Adventures in Geology - Cedar Sink, KY

Friday, March 7, 2008

So my first field trip this semester was last week to a place called Cedar Sink, Kentucky. This was part of a lab out in the field for my geomorphology class. Geomorphology in general is the study of landforms - including classifying them, what processes form them, and sometimes the interactions between them and humans (how geomorphology can affect us, as well as how we affect the landscape).

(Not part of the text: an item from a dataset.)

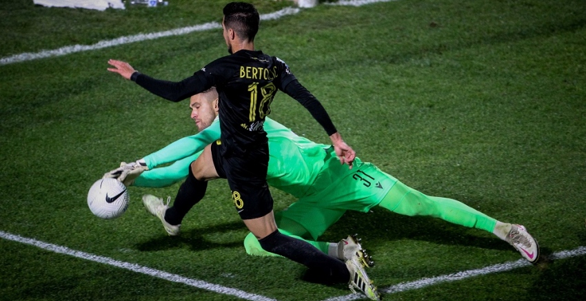 Στο δεύτερο γκολ της ΑΕΚ ο Σάκχοφ σκαρφάλωσε πάνω στον Κρέσπο, ούτε εκεί είδαν τίποτα.
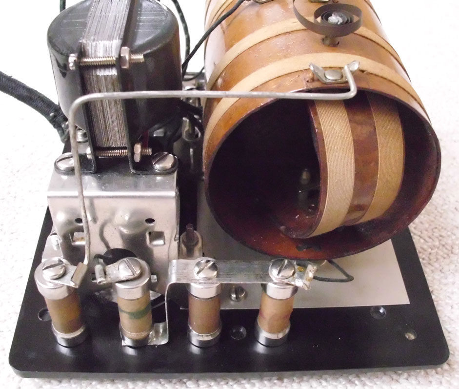 Die Abstimmung in diesem Empfänger erfolgt in der bewährten Variometerschaltung ohne Drehko. Auch die Rückkopplung erfolgt über ein weiteres Variometer (daher die beiden nebeneinander liegenden Regler). Die Heizspannung von 1,5V max wird über das große Poti eingestellt und soll bei den Röhren nur zu einem ganz dunkelroten Glühen führen (sieht man eigentlich nur bei fast vollständig gedimmten Licht); mehr schadet den sehr empfindlichen (und teuren) Rohren!

Cedar Sink from an overview point.


Cedar Sink is located in south central Kentucky, inside the Mammoth Cave National Park, which is also the location of the largest known cave in the world, Mammoth Cave. Cedar Sink is aptly named because it is a collapse structure – also called sink holes or sinks. That is because this region is karst terrain, where the landscape is influenced by the dissolution of rock (essentially dissolves). When the rock is dissolved it can result in the formation of caves, as well as a variety of other features including sinkholes which are depressions in the ground formed by the removal of soil or rock.

A view of some of cave areas and one of the sinkholes filled with water. Blue arrow is pointing toward my professor to give an idea of the scale.


However, we weren’t there to study the sinkholes, but rather the hill slopes. The main point of our lab was to do sketches or profiles of the hill slopes. We also tried to determine what processes created them, as well as any that are resulting in the removal of the material on the hill slopes. These kinds of processes are important to understand, as they affect other processes such as groundwater movement, and can have an impact on human activity as in the case of land slides and rock falls.

Another side of the area that leads into a cave. As you can see from the ice cicles it was very cold that day!

2 comments:

Anonymous said...

Nice post. I felt like I was there too!

Mimi - Image Beads said...

that looks so nice.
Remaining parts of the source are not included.